## Working data
---

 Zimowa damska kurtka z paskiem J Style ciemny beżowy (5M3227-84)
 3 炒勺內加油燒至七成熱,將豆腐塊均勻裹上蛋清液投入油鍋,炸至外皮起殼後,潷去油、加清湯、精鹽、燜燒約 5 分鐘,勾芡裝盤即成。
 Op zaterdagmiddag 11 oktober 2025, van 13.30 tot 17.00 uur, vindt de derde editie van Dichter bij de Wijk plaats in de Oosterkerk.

---

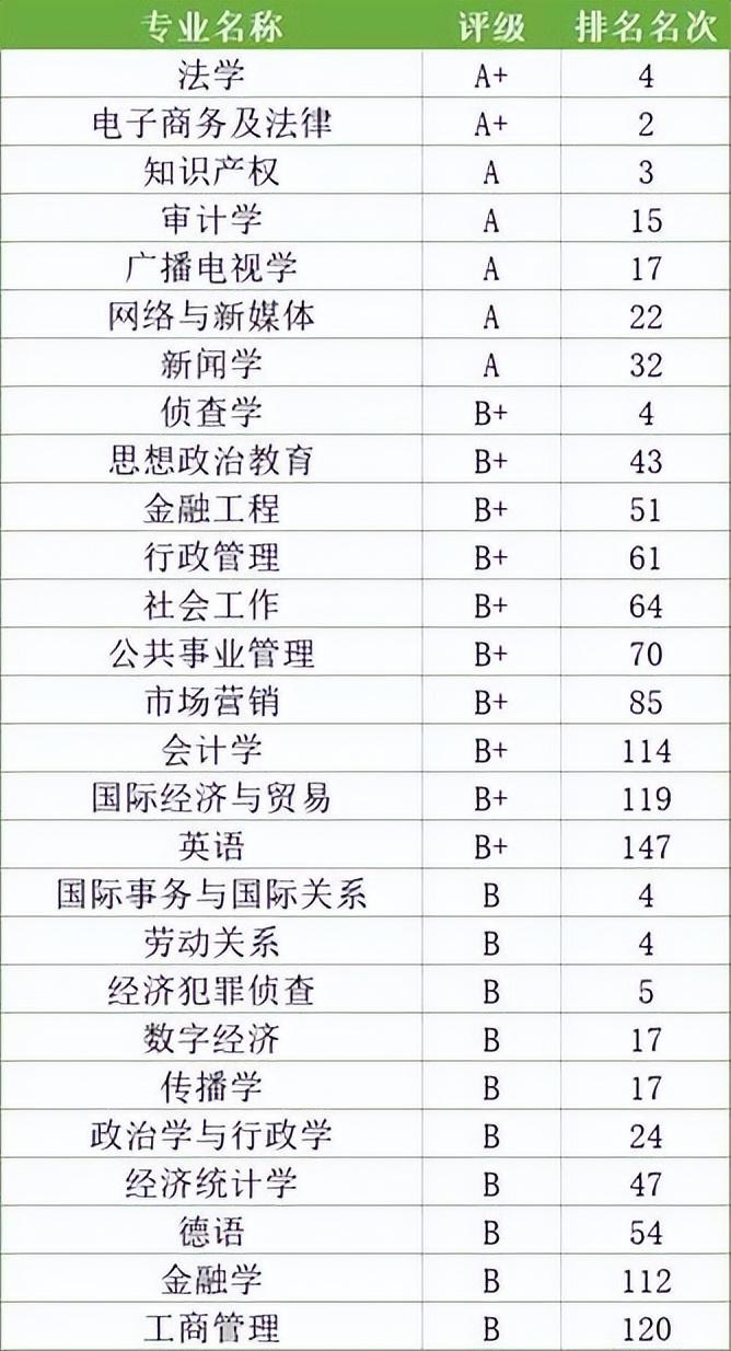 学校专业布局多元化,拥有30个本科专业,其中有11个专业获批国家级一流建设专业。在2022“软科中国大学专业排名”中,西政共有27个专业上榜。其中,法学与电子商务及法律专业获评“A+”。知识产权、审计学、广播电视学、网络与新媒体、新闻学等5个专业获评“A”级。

---

## Assignment
Out of the material above, output word for word the line with "Zimowa damska kurtka", the line with "Op zaterdagmiddag 11", and all lines between them, with nothing else.

## Completed task
 Zimowa damska kurtka z paskiem J Style ciemny beżowy (5M3227-84)
 3 炒勺內加油燒至七成熱,將豆腐塊均勻裹上蛋清液投入油鍋,炸至外皮起殼後,潷去油、加清湯、精鹽、燜燒約 5 分鐘,勾芡裝盤即成。
 Op zaterdagmiddag 11 oktober 2025, van 13.30 tot 17.00 uur, vindt de derde editie van Dichter bij de Wijk plaats in de Oosterkerk.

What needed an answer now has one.